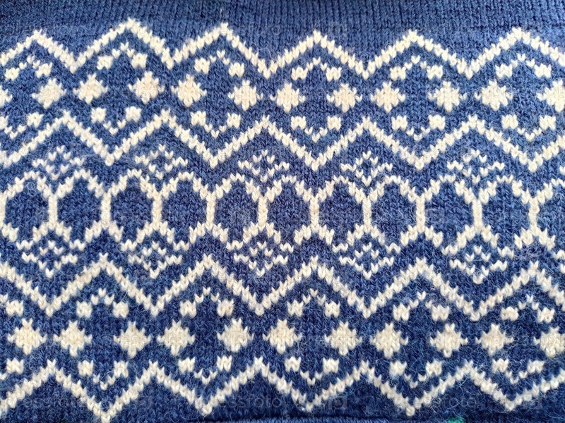 Фрагмент орнамента на вязаном полиэстеровом или шерстяном свитере. Зимние мотивы. Синие нитки для ручного вязания. Вязаный узор из белой нити. Ромбы, ломаные линии, волны и круги
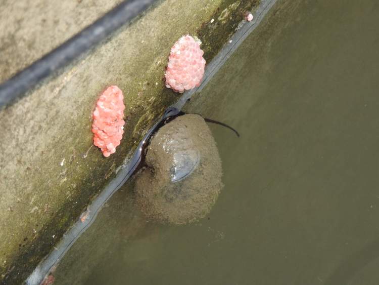 彭越浦大宁公园段的福寿螺及卵块不少。
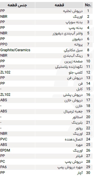 | جنس بدنه پمپ | پلاستیک مهندسی شده |
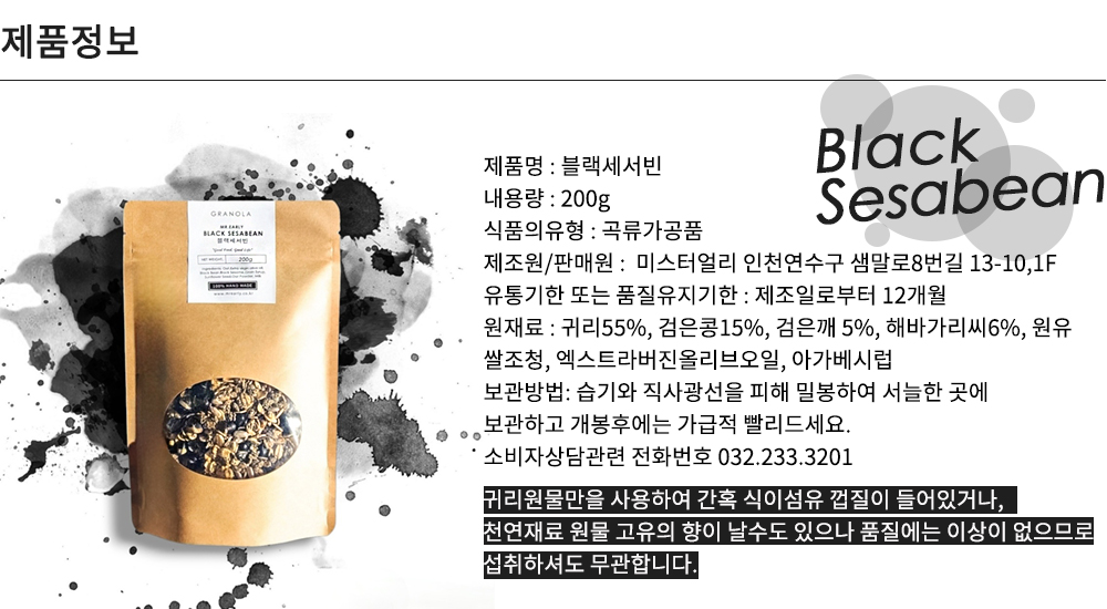 • 진한고소함 흑임자서리태 무설탕 저당 오트밀 그래놀라200g
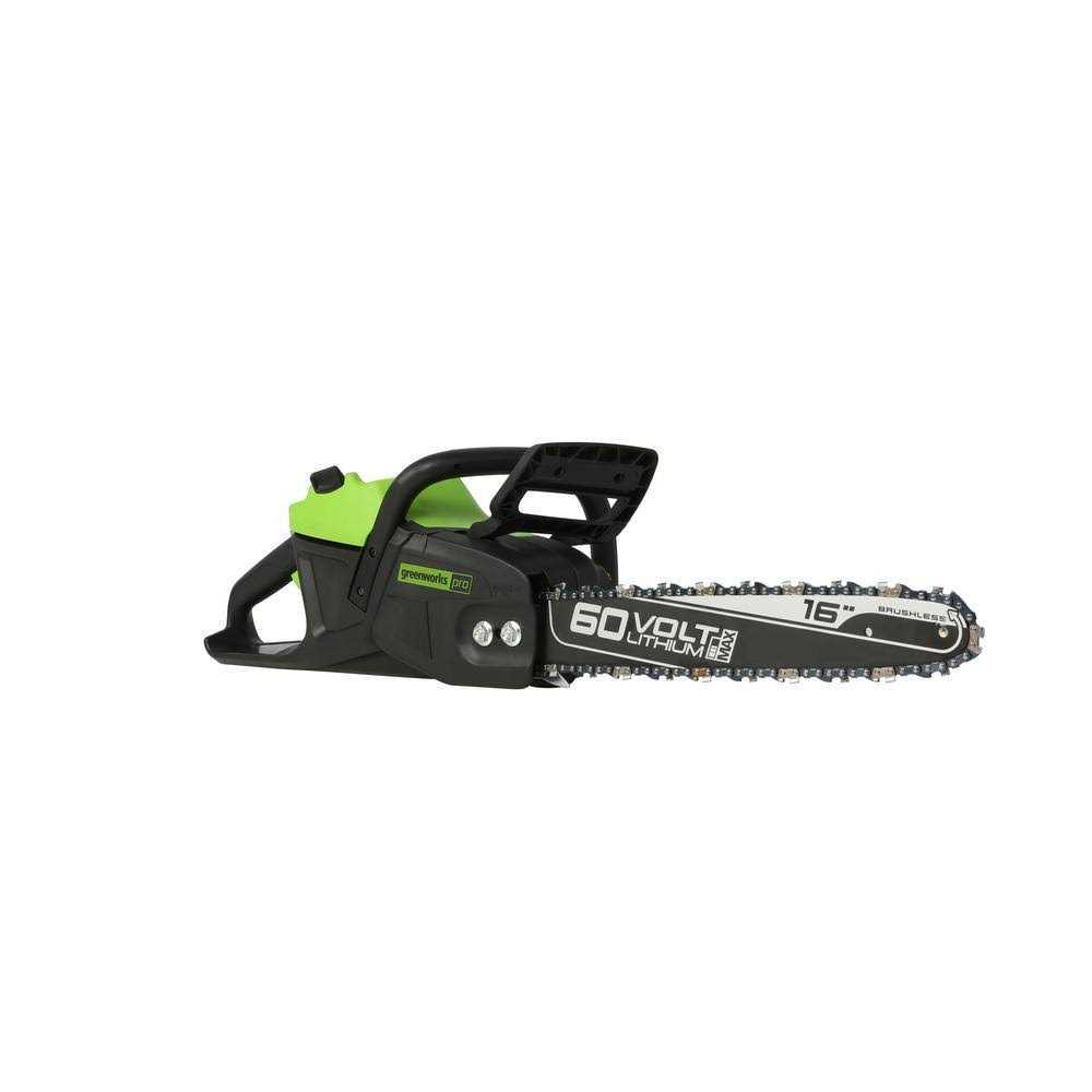 Powered by a Greenworks Pro 60V UltraPower lithium-ion battery (battery & charger sold separately), this Greenworks Pro cordless chainsaw delivers the power and performance of typical gas-powered saws, without the noise, fumes, or harmful emissions. The battery-powered brushless motor delivers 20% more torque and faster cutting than a 42cc gas-powered chainsaw, and it features our No Prime, No Choke, No Pull easy-starting system for fast starts every time, with no aggravating pull cord. This lightweight cordless chainsaw is equipped with a 16-inch bar and chain, pro-style side-mounted chain tensioning for easy bar and chain maintenance, automatic chain oiler, transparent oil fill window, and inertia-activated chain brake. The powerful Greenworks Pro 60V UltraPower cordless battery platform gives you all the power you need to tackle all your lawn care projects. Kick gas to the curb this spring and go green with no fumes, no mixing, no maintenance and no pull cords. Let Greenworks help you take the work out of yard work.
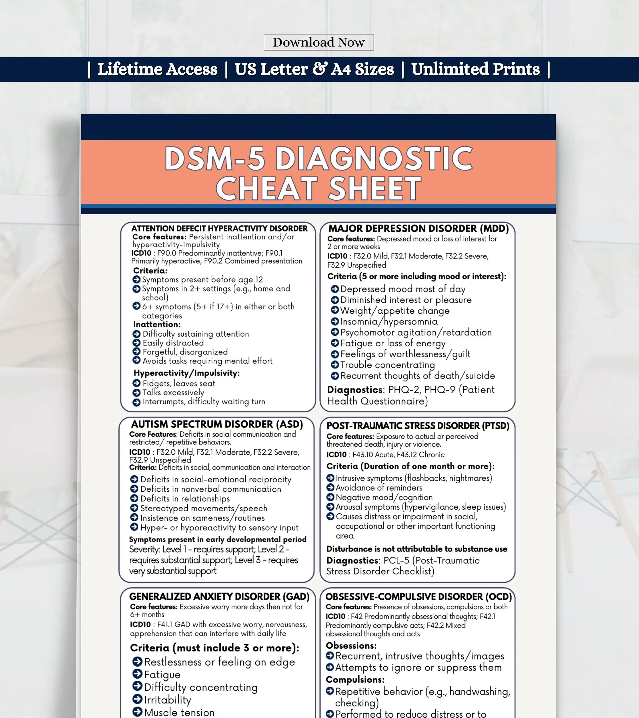 DSM5 Diagnostic Cheat Sheet DSM 5 Diagnosis Criteria Reference Therapist Quick Guide Mental Health Cheat Sheet Psychiatry Notes Etsy
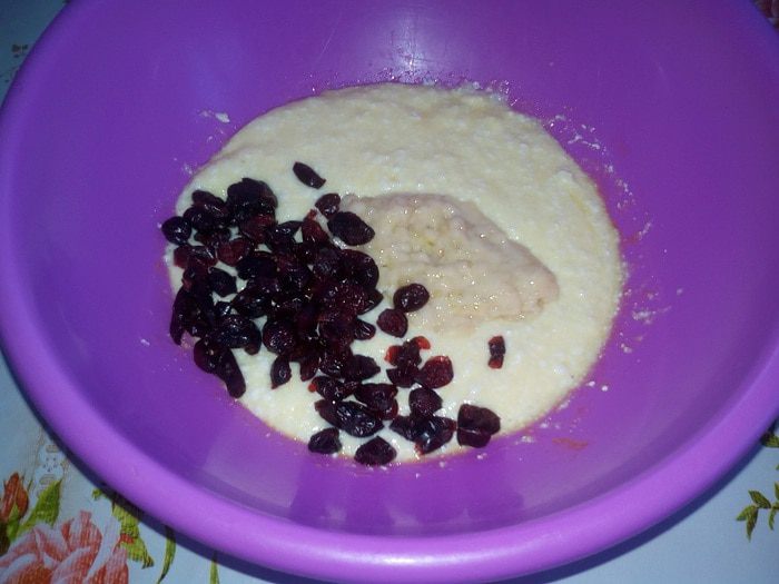 В чашку к творожной массе добавляем банановое пюре и вяленую клюкву. Хорошо перемешиваем.

▶ [Task goal]: Starting at the line that contains "저당 오트밀 그래놀라200g" and ending with the last line of the data, transcribe every line exactly; skip the pictures.

▶ [Exercise output]:
 • 진한고소함 흑임자서리태 무설탕 저당 오트밀 그래놀라200g
 Powered by a Greenworks Pro 60V UltraPower lithium-ion battery (battery & charger sold separately), this Greenworks Pro cordless chainsaw delivers the power and performance of typical gas-powered saws, without the noise, fumes, or harmful emissions. The battery-powered brushless motor delivers 20% more torque and faster cutting than a 42cc gas-powered chainsaw, and it features our No Prime, No Choke, No Pull easy-starting system for fast starts every time, with no aggravating pull cord. This lightweight cordless chainsaw is equipped with a 16-inch bar and chain, pro-style side-mounted chain tensioning for easy bar and chain maintenance, automatic chain oiler, transparent oil fill window, and inertia-activated chain brake. The powerful Greenworks Pro 60V UltraPower cordless battery platform gives you all the power you need to tackle all your lawn care projects. Kick gas to the curb this spring and go green with no fumes, no mixing, no maintenance and no pull cords. Let Greenworks help you take the work out of yard work.
 DSM5 Diagnostic Cheat Sheet DSM 5 Diagnosis Criteria Reference Therapist Quick Guide Mental Health Cheat Sheet Psychiatry Notes Etsy
 В чашку к творожной массе добавляем банановое пюре и вяленую клюкву. Хорошо перемешиваем.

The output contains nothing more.